[WORK TASK] Exactly as written, transcribe the lines that run from the one containing "They raised those" to the end of the records below.

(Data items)
============================================================

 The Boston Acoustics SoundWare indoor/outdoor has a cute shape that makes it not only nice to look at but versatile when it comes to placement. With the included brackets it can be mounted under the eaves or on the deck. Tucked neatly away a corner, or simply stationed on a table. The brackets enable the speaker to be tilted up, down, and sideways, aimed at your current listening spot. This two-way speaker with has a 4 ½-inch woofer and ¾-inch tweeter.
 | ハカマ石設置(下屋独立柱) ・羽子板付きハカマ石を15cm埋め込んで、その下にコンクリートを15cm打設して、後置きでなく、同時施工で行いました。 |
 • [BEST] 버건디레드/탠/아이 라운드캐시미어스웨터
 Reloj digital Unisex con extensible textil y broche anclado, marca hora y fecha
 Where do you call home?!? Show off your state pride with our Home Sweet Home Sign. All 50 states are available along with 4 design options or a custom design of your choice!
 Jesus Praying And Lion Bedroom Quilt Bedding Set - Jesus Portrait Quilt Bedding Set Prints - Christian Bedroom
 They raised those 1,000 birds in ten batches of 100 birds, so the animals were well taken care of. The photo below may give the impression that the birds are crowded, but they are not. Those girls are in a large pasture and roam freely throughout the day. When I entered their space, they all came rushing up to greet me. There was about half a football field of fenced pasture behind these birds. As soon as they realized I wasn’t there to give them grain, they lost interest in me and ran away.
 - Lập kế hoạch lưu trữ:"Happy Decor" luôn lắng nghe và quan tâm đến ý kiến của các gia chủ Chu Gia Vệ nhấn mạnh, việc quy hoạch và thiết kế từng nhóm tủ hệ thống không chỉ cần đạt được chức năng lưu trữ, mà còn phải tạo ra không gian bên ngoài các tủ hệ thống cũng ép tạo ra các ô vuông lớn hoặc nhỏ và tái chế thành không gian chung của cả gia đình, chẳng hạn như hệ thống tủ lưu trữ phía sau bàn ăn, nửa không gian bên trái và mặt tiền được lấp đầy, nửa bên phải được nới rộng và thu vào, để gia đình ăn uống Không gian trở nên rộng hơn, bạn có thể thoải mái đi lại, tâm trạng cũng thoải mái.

============================================================

[THE COMPLETED TASK]
 They raised those 1,000 birds in ten batches of 100 birds, so the animals were well taken care of. The photo below may give the impression that the birds are crowded, but they are not. Those girls are in a large pasture and roam freely throughout the day. When I entered their space, they all came rushing up to greet me. There was about half a football field of fenced pasture behind these birds. As soon as they realized I wasn’t there to give them grain, they lost interest in me and ran away.
 - Lập kế hoạch lưu trữ:"Happy Decor" luôn lắng nghe và quan tâm đến ý kiến của các gia chủ Chu Gia Vệ nhấn mạnh, việc quy hoạch và thiết kế từng nhóm tủ hệ thống không chỉ cần đạt được chức năng lưu trữ, mà còn phải tạo ra không gian bên ngoài các tủ hệ thống cũng ép tạo ra các ô vuông lớn hoặc nhỏ và tái chế thành không gian chung của cả gia đình, chẳng hạn như hệ thống tủ lưu trữ phía sau bàn ăn, nửa không gian bên trái và mặt tiền được lấp đầy, nửa bên phải được nới rộng và thu vào, để gia đình ăn uống Không gian trở nên rộng hơn, bạn có thể thoải mái đi lại, tâm trạng cũng thoải mái.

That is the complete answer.